## Material provided
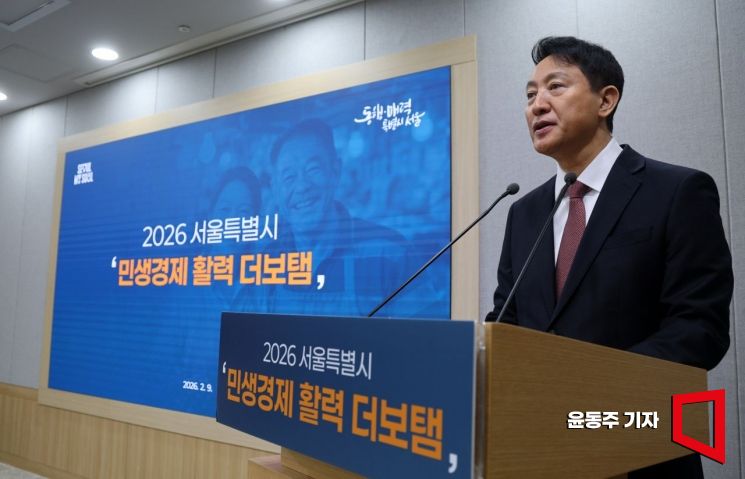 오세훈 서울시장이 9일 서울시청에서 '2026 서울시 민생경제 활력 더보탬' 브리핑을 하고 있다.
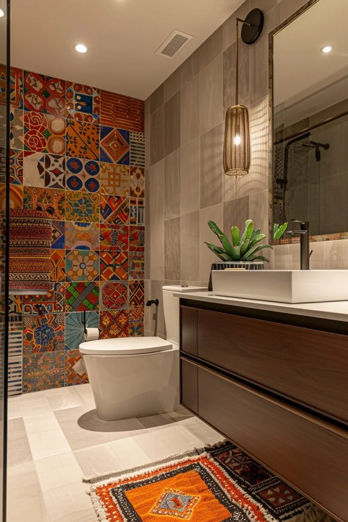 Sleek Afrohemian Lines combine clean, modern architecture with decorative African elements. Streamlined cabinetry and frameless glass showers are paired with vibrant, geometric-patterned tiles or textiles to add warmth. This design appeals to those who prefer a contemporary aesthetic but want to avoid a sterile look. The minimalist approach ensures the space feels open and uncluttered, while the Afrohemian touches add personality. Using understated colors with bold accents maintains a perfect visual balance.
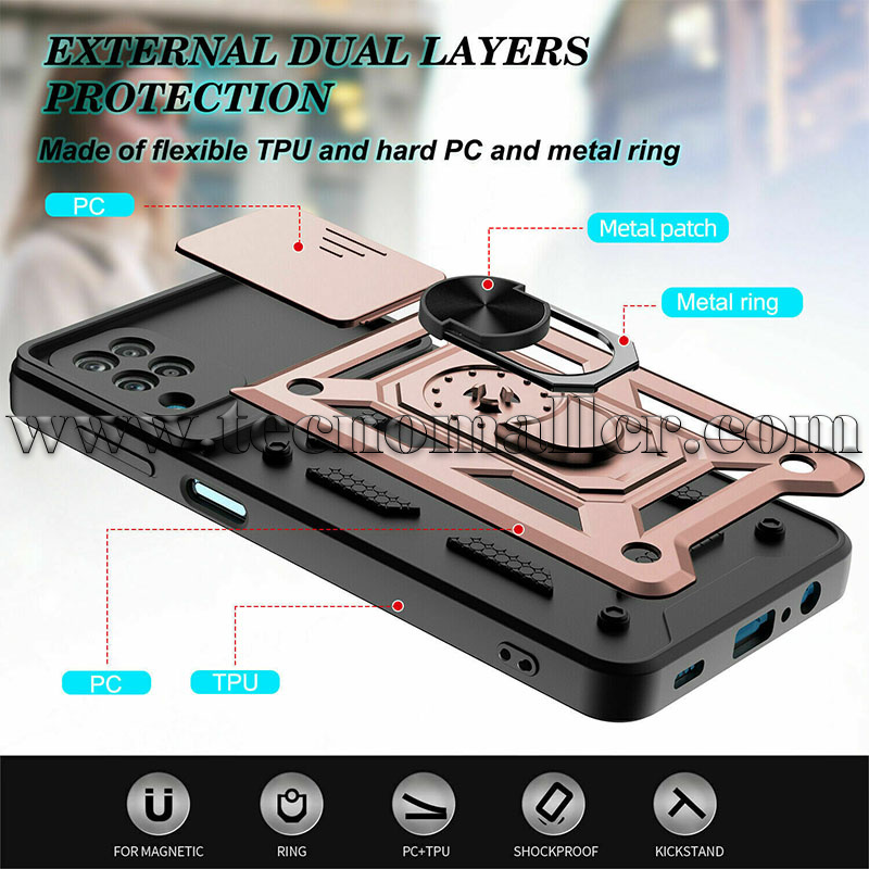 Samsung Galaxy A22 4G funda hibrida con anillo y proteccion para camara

---

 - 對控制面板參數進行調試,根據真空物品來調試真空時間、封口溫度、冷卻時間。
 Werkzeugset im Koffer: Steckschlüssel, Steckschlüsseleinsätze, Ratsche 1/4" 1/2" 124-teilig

## Activity
Given the records above, return the lines starting at the one that holds "Sleek Afrohemian Lines" and ending at the one that holds "Samsung Galaxy A22", exactly, and nothing besides; leave every picture out.

## Exercise response
 Sleek Afrohemian Lines combine clean, modern architecture with decorative African elements. Streamlined cabinetry and frameless glass showers are paired with vibrant, geometric-patterned tiles or textiles to add warmth. This design appeals to those who prefer a contemporary aesthetic but want to avoid a sterile look. The minimalist approach ensures the space feels open and uncluttered, while the Afrohemian touches add personality. Using understated colors with bold accents maintains a perfect visual balance.
 Samsung Galaxy A22 4G funda hibrida con anillo y proteccion para camara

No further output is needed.